Pop Quiz: Test your knowledge of managed-care plans

Preventing health insurance mishaps by knowing how you’re covered

THERE’S NO GETTING around the fact that healthcare insurance plans can be complicated and confusing. There are many different types of plans, such as managed-care plans, and each has its own set of rules and requirements. However, having the right information — down to the smallest details — about your managed-care plan means that you can make better choices and more informed decisions about your health care.

All signs point to the fact that when you get involved with managing your own health — and that includes your healthcare insurance plan — your health and wellness increase exponentially. Additionally, your wallet will usually benefit a bit as well! Take our quiz on managed-care plans and test your knowledge of health insurance coverage and when to call your healthcare plan provider.

1. Which of the following is a type of managed-care plan?

A. Health Maintenance Organization (HMO)
B. Point of Service Plan (POS)
C. Preferred Provider Organization (PPO)
D. All of the Above

2. Fill in the blank: In managed-care plans, the plan has made contracts with doctors and hospitals, called ________, to offer their services to you at a reduced rate. The entire group of these preferred physicians, hospitals and health groups are called your ________.

3. True or False? Managed-care plans encourage you to see preferred providers in the network, but under an HMO, the plan will NOT pay any portion for services rendered by a non-preferred provider/out-of-network provider; under POS and PPOs, the plan will likely pay only a portion of a medical bill from an out-of-network provider.

4. Under which managed-care plan do you need a referral from your primary care physician/family doctor to see a specialist? (Choose all that apply.)

A. Health Maintenance Organization (HMO)
B. Point of Service Plan (POS)
C. Preferred Provider Organization (PPO)
D. None of the Above

5. What is it called when your health insurance provider must approve expensive services, hospital stays, childbirth, surgery, or certain tests before they are performed or they won’t pay for them at all?

A. Consent
B. Permission
C. Preauthorization
D. Approval
E. None of the Above

6. What is a drug formulary?

A. A tiered list of prescription medications and their corresponding pricing
B. A place where prescriptions are dispensed, like a pharmacy
C. A formula for which prescriptions can be safely mixed and which cannot
D. A specific place where medications are made

7. When should you contact your insurance company?

A. When you have a question about your coverage
B. To ensure a physician, hospital or prescription is in network and/or covered
C. To discuss a bill
D. To get special permission to see a provider outside the network or to get preauthorization
E. All of the Above

8. True or False? Early mornings — especially on Saturdays — are the best time to reach your insurance company by phone with as short a wait time as possible.

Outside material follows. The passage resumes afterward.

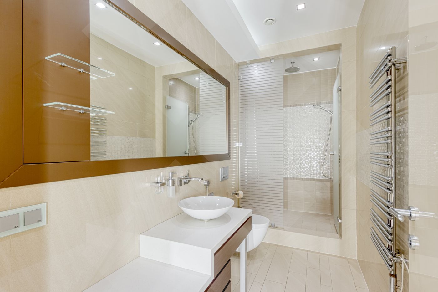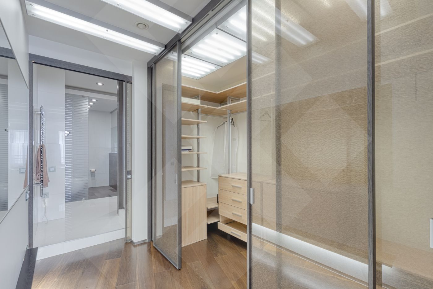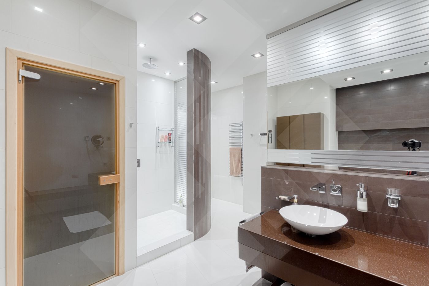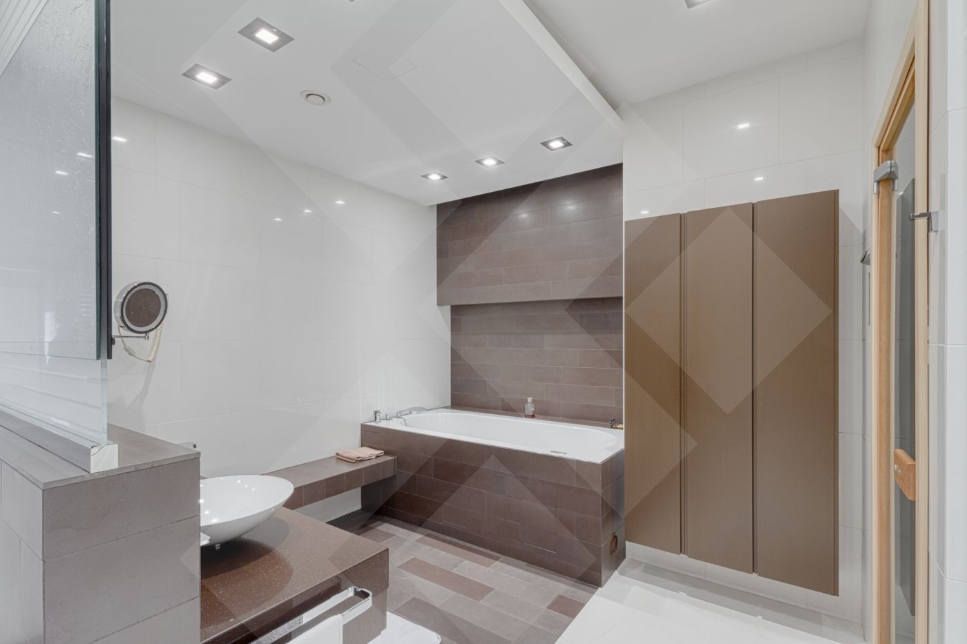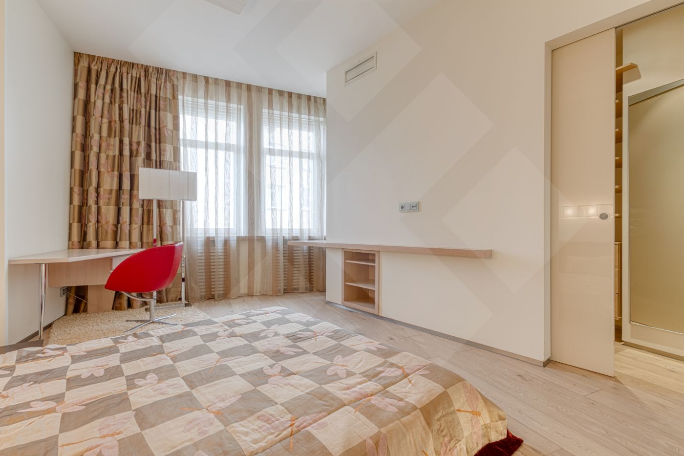 В квартире выполнен ремонт из дорогостоящих материалов по авторскому проекту в современном стиле. Функциональная планировка: кухня и гостиная панорамными окнами, две спальни , бытовая комната, две ванные комнаты, сауна, две гардеробные комнаты. Выделена зона для кабинета, которую можно сделать отдельной комнатой. По всей квартире разведена приточно-вытяжная система и система кондиционирования.

9. What’s the best thing to do if the person on the other end of the line at the health insurance company is not answering your question or addressing your concerns to your satisfaction?

A. Give the representative a piece of your mind
B. Calmly ask to speak with a supervisor
C. Hang up and call back to get a different representative
D. Complain to your primary care physician


1. D. All of the Above. All HMOs, POSs and PPOs are considered managed-care plans.

2. B. Providers; Network. Doctors, hospitals, and the like that are approved by your plan are called preferred providers. All of the preferred providers together are called your network.

3. True.

4. A. HMOs and B. POSs. You must get a referral to see a specialist if you want the insurer to cover the cost.

5. C. Preauthorization. Some insurers include a time component with preauthorization, so read the details of your coverage well.

6. A. A tiered list of prescription medications and their corresponding pricing. Also called a “drug list,” it runs from preferred medications that the insurance company will pay the most for to prescriptions the insurer won’t pay for at all.

7. E. All of the Above. Don’t be afraid to ask for help and clarification.

8. True. According to Bedsider.org, mornings are the slowest times, meaning you’ll get someone on the phone sooner, and the busiest times to try to call is from 11 a.m. to 3 p.m.

9. B. Calmly ask to speak to a supervisor. While it may be frustrating and time-consuming, locating the person who can answer your questions or resolve your issues is well worth it.


article by ERIKA ALDRICH

Resources: Information provided by FamilyDoctor.org and Bedsider.org.